■ **ASSIGNMENT**
Could you reproduce, word for word, everything below from the line containing "Rose Quartz Set" down to the line containing "ทางเข้าร้านอยู่ตรงข้ามกับตลาดเตาปูน ริมคลองประปา เขตบางซื่อ", with both of those lines included and no others?

■ **DATA PROVIDED**
----------------------------------------

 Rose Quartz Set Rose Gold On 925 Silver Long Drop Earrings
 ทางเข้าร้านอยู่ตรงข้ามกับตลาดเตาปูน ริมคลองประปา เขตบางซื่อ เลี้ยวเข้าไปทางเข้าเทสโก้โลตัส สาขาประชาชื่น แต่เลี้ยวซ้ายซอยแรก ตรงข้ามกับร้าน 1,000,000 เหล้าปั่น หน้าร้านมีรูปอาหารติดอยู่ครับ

----------------------------------------

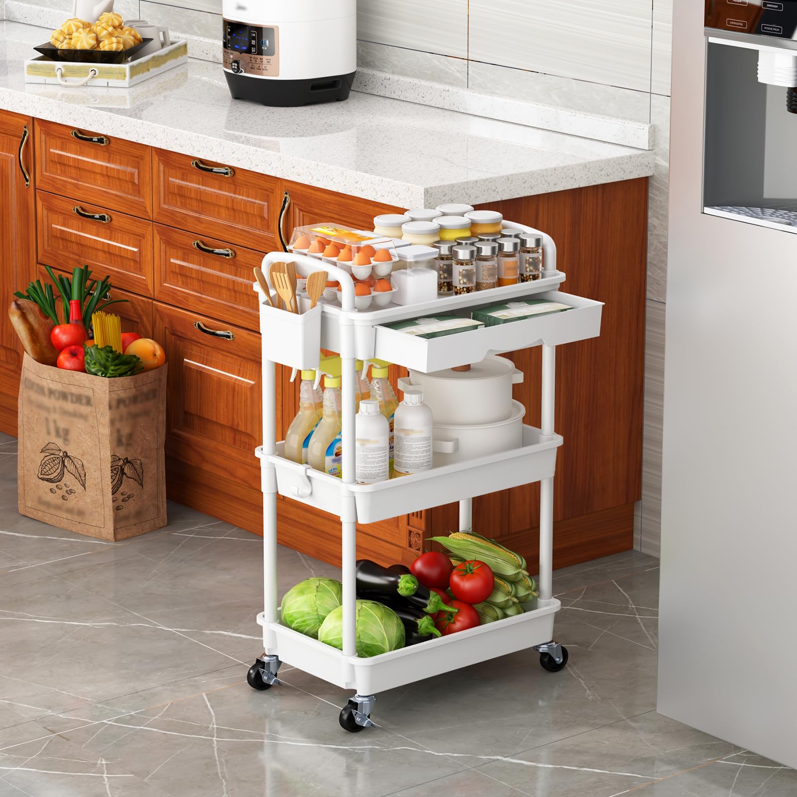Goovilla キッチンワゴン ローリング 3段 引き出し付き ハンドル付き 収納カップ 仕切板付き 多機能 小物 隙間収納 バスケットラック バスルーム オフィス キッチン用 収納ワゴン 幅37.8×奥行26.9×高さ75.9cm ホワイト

----------------------------------------

■ **EXERCISE RESULT**
 Rose Quartz Set Rose Gold On 925 Silver Long Drop Earrings
 ทางเข้าร้านอยู่ตรงข้ามกับตลาดเตาปูน ริมคลองประปา เขตบางซื่อ เลี้ยวเข้าไปทางเข้าเทสโก้โลตัส สาขาประชาชื่น แต่เลี้ยวซ้ายซอยแรก ตรงข้ามกับร้าน 1,000,000 เหล้าปั่น หน้าร้านมีรูปอาหารติดอยู่ครับ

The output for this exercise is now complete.